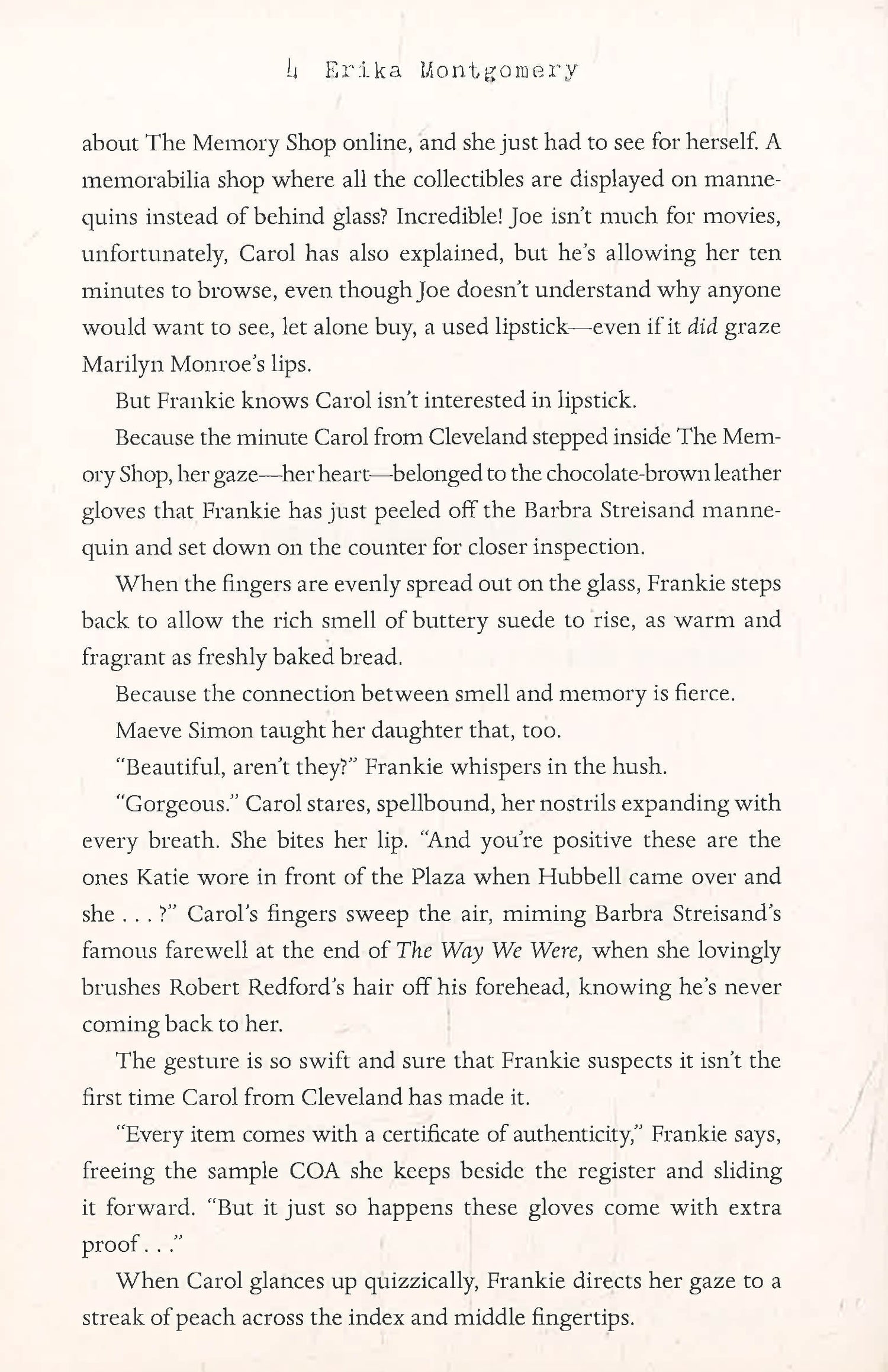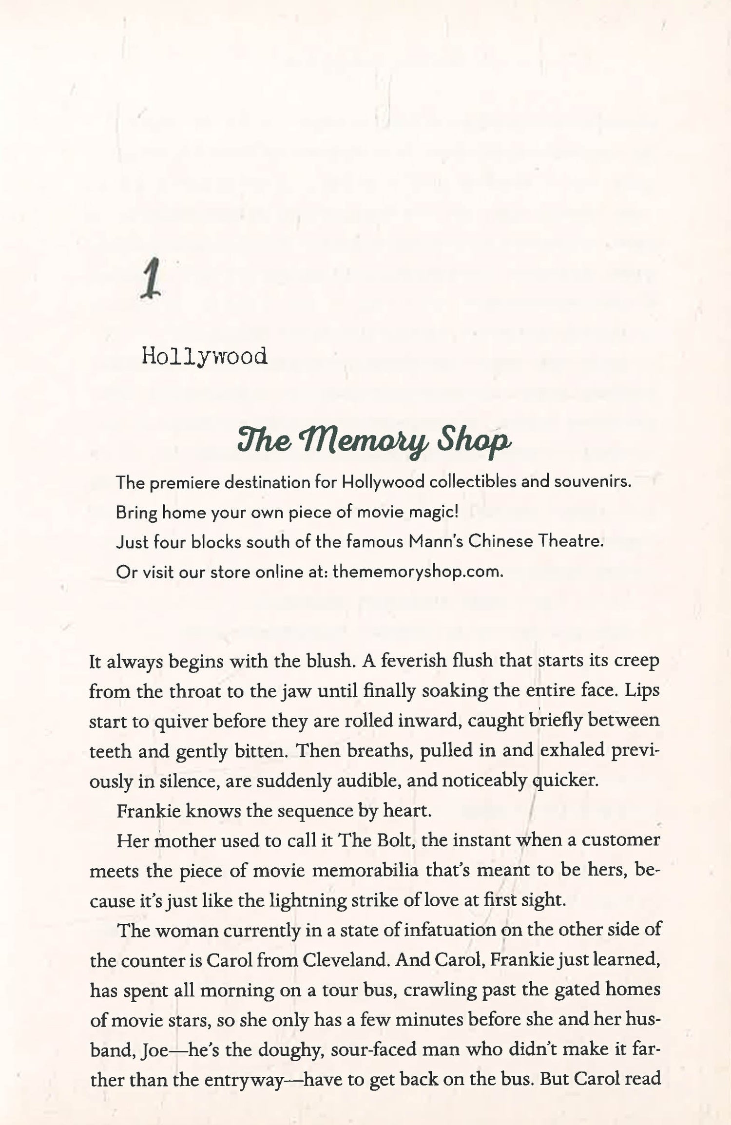 For thirty-year-old Frankie Simon, selling movie memorabilia in the shop she opened with her late mother on Hollywood Boulevard is more than just her livelihood―it’s an enduring connection to the only family she has ever known. But when a mysterious package arrives containing a photograph of her mother and famous movie stars Glory Cartwright and her husband at a coastal film festival the year before Frankie’s birth, her life begins to unravel in ways unimaginable.
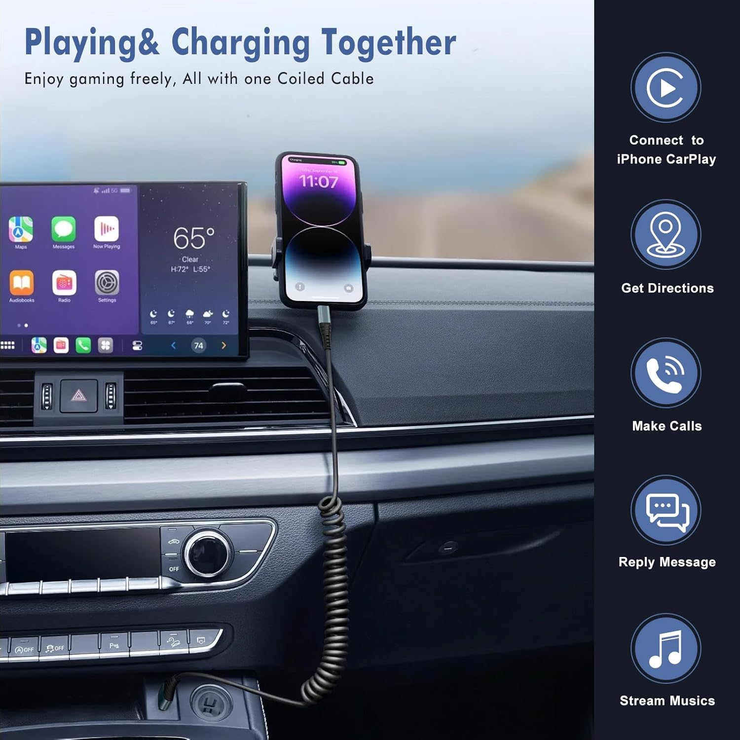 - 【Apple CarPlay Support】: Simply plug in your Lightning cable to enjoy lag-free connectivity that instantly syncs your iPhone with your vehicle's infotainment system, seamlessly syncing music, maps, and calls while charging. It delivers a smarter, smoother experience that transforms every drive into an enjoyable journey.
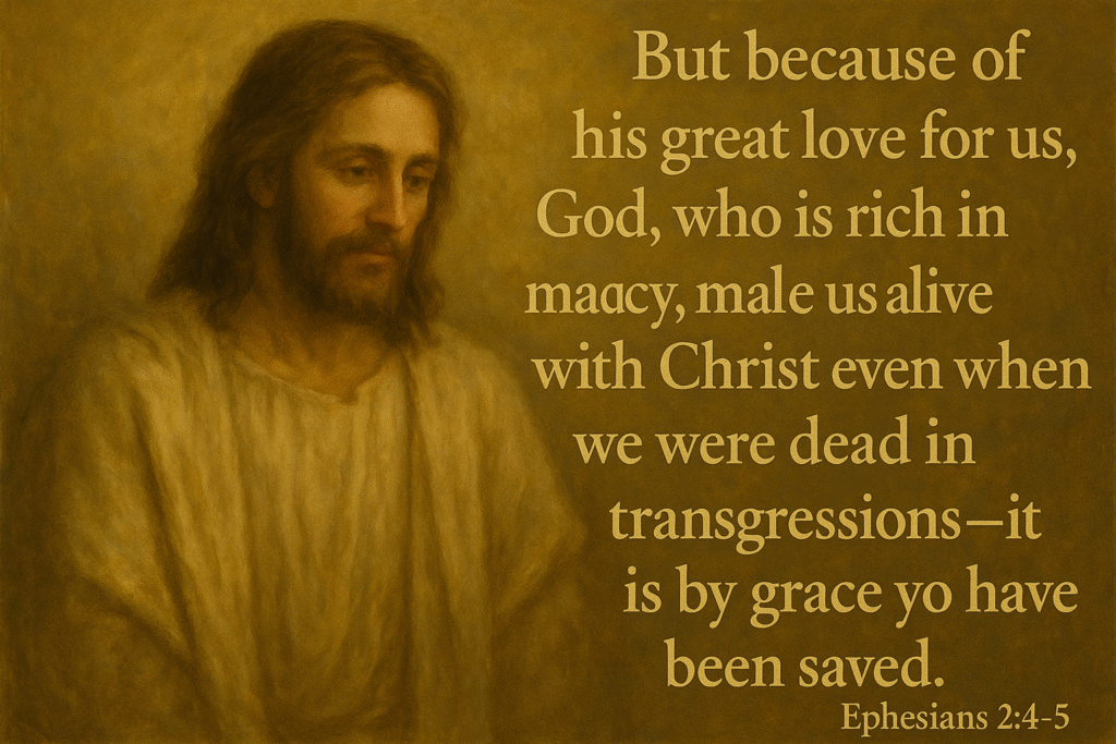 “But because of his great love for us, God, who is rich in mercy, made us alive with Christ even when we were dead in transgressions—it is by grace you have been saved.”
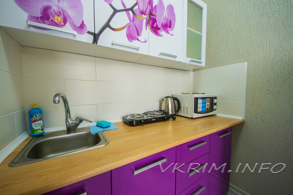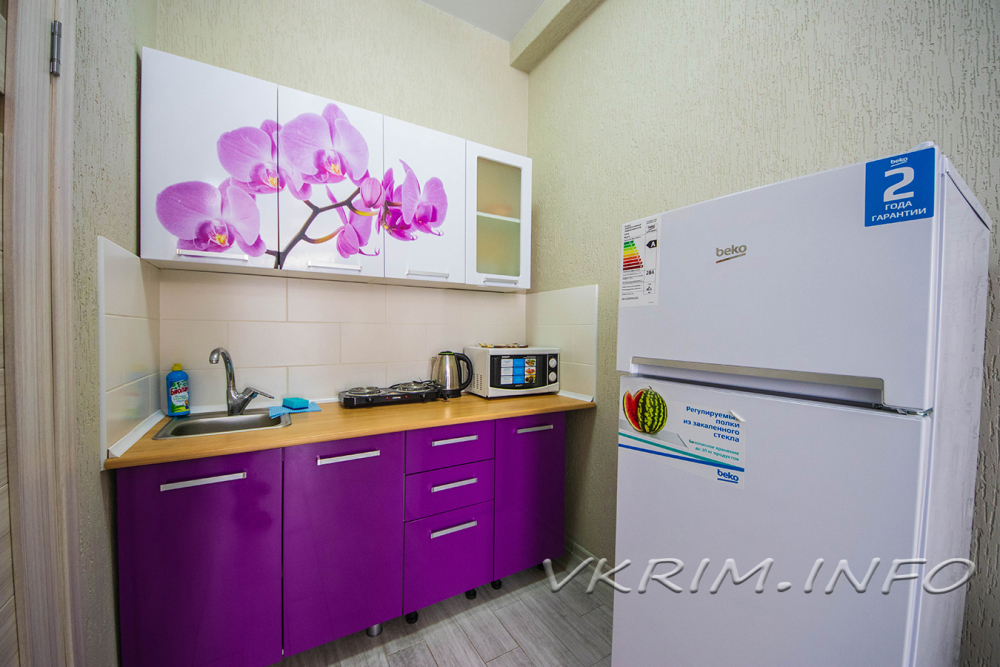 • Имеется небольшой кухонный уголок, где вы найдете холодильник, микроволновку, посуду.
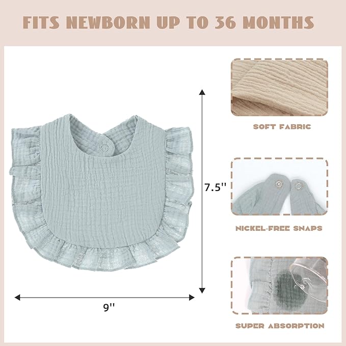 - Unique design: The muslin baby girl bibs use an elegant flounce design, practical and beautiful. And the neutral color can match well with clothes, suitable for girls and boys. The 8-pack color set can be a meaningful baby shower gift for new moms and dads!
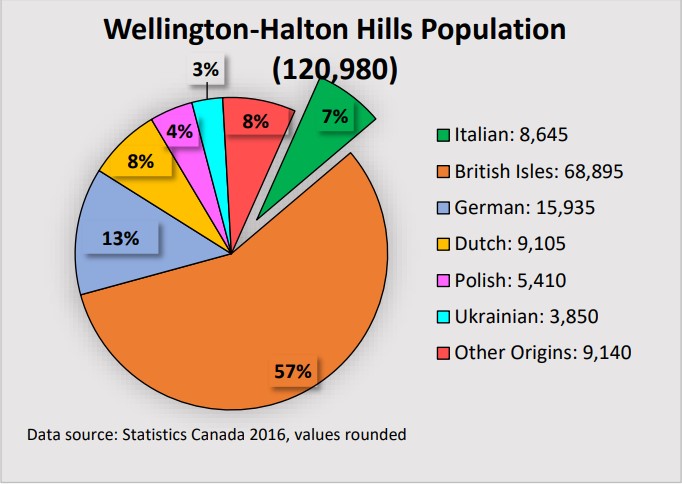 Of the more than 97,300 who emigrate from Europe, Italians represent one of the largest cultural groups in the region. According to the 2016 Census, 8,645 constituents self-identify as Italian Canadian. They represent about 7% of the district’s population.
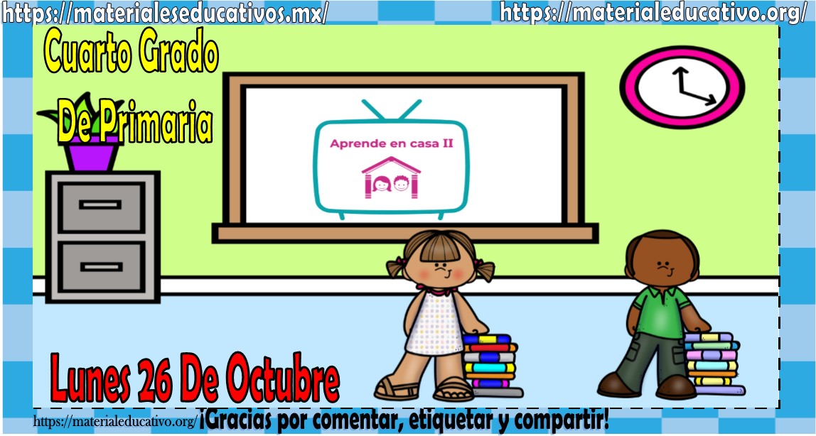 Amigos, compañeros docentes, padres de familia y alumnos que nos visitan, como ya es costumbre nosotros les proporcionaremos las clases contempladas para observarse en la TV del programa aprende en casa II, lo que antes se conocía como videos y preguntas. En esta oportunidad les queremos proporcionar las clases del cuarto grado de primaria del lunes 26 de octubre del 2020 del presente ciclo escolar 2020 – 2021, estaremos seguros que con este material podrá facilitar la realización de las actividades planteadas por parte del programa. Muchas gracias por visitarnos y recuerden que aquí podrán encontrar las preguntas, videos y todas las clases del programa de aprende en casa 2. Recuerden compartir nuestros enlaces en sus redes sociales y etiquetar a sus compañeros y amigos docentes en nuestras publicaciones.
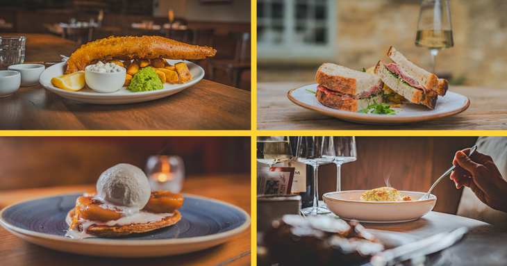 Guests can indulge in comforting starters such as a double Gloucester souffle or seasonal soup, followed by a variety of main course options including steak frites with Cafe de Paris butter or battered haddock with chips and crushed peas.
-*-*-
PROBLEM TO SOLVE: Reproduce, word for word, everything in the listing above from the line containing "холодильник, микроволновку, посуду." down to the line containing "Of the more", both of them included. No pictures.

RESULT FOR THIS TASK:
 • Имеется небольшой кухонный уголок, где вы найдете холодильник, микроволновку, посуду.
 - Unique design: The muslin baby girl bibs use an elegant flounce design, practical and beautiful. And the neutral color can match well with clothes, suitable for girls and boys. The 8-pack color set can be a meaningful baby shower gift for new moms and dads!
 Of the more than 97,300 who emigrate from Europe, Italians represent one of the largest cultural groups in the region. According to the 2016 Census, 8,645 constituents self-identify as Italian Canadian. They represent about 7% of the district’s population.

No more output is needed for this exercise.